9.4. Attorneys’ Fees and Costs. The prevailing party in any action to enforce this Agreement will be entitled to recover its attorneys’ fees and costs incurred in connection with such action.
9.5. Notice. Any notice or communication required or permitted under this Agreement will be in writing to the parties at the addresses set forth on the Order Form or at such other address as may be given in writing by either party to the other in accordance with this Section and will be deemed to have been received by the addressee (i) if given by hand or email, immediately upon receipt; (ii) if given by overnight courier service, the first business day following dispatch or (iii) if given by registered or certified mail, postage prepaid and return receipt requested, the second business day after such notice is deposited in the mail.
9.6. Amendments; Waivers. This Agreement may be amended by the Company from time to time by posting of such amendment to the website located at [link]. You will be notified of such amendment by email, public announcement, or other method chosen by the Company in their complete discretion. If Customer does not wish to be bound by an amendment to this Master Services Agreement, Customer must immediately cease all use of the Services and notify Company that Customer has not consented to such amendment. Continued use of the Services shall be conclusive evidence of Customer consent. No waiver will be implied from conduct or failure to enforce or exercise rights under this Agreement, nor will any waiver be effective unless in a writing signed by a duly authorized representative on behalf of the party claimed to have waived. No provision of any purchase order or other business form employed by Customer will supersede the terms and conditions of this Agreement.
9.7. Entire Agreement. This Agreement is the complete and exclusive statement of the mutual understanding of the parties and supersedes and cancels all previous written and oral agreements and communications relating to the subject matter of this Agreement.

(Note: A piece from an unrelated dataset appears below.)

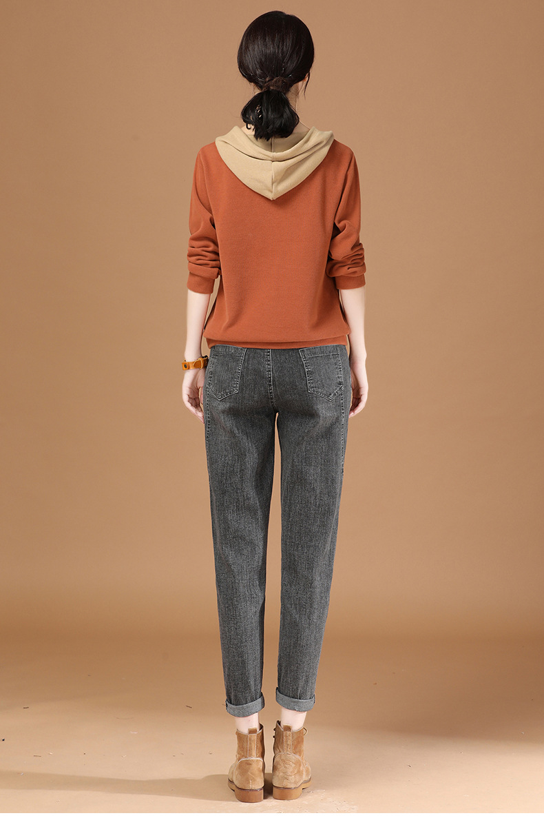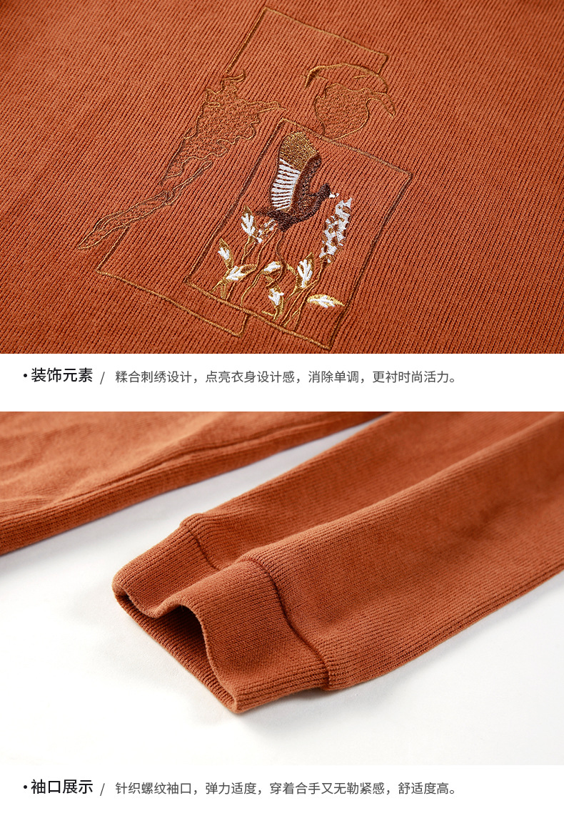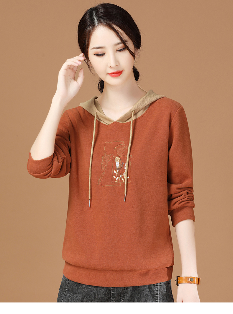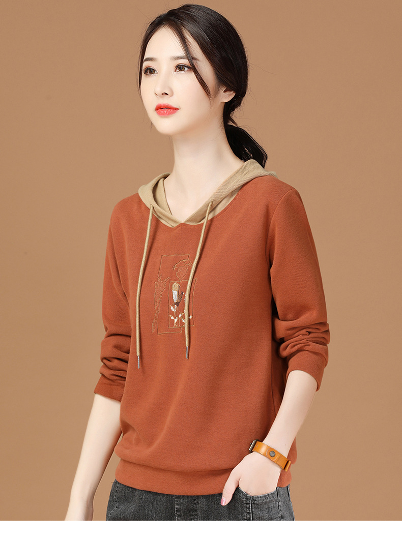 连帽拼接长袖套头卫衣,宽松韩版刺绣上衣GRM-D2689
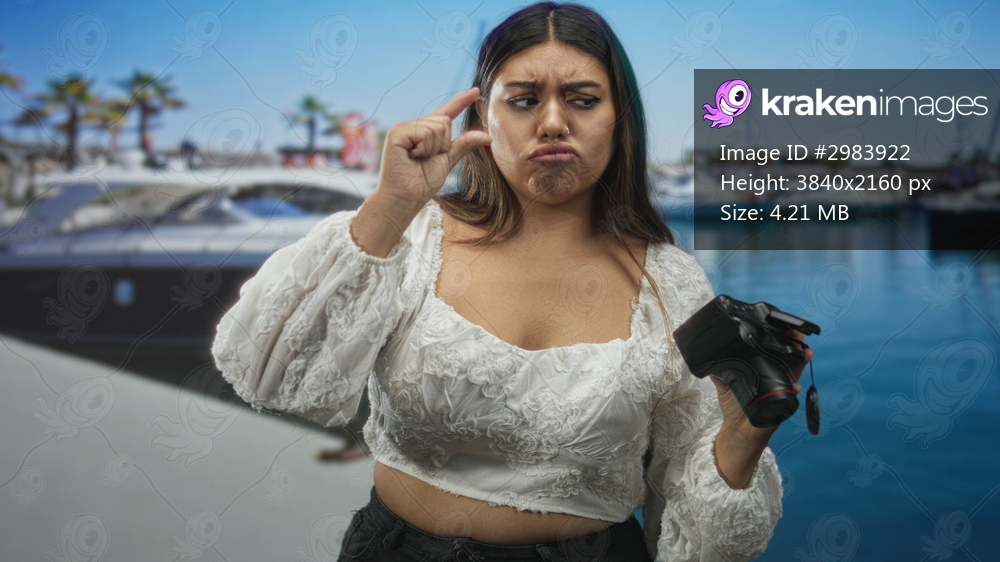 Woman holding dslr camera making pinching fingers gesture on street by marina with pout and shrug expression; frustration minor inconvenience.

9.8. Force Majeure. Neither party will be liable to the other for any delay or failure to perform any obligation under this Agreement (except for a failure to pay fees) if the delay or failure is due to unforeseen events that occur after the signing of this Agreement and that are beyond the reasonable control of such party (each, a “Force Majeure Event”), such as a strike, blockade, war, act of terrorism, riot, natural disaster, failure or diminishment of power or data or telecommunications networks or services.
9.9. Independent Contractors. The parties to this Agreement are independent contractors. There is no relationship of partnership, joint venture, employment, franchise or agency created hereby between the parties. Neither party will have the power to bind the other or incur obligations on the other party’s behalf.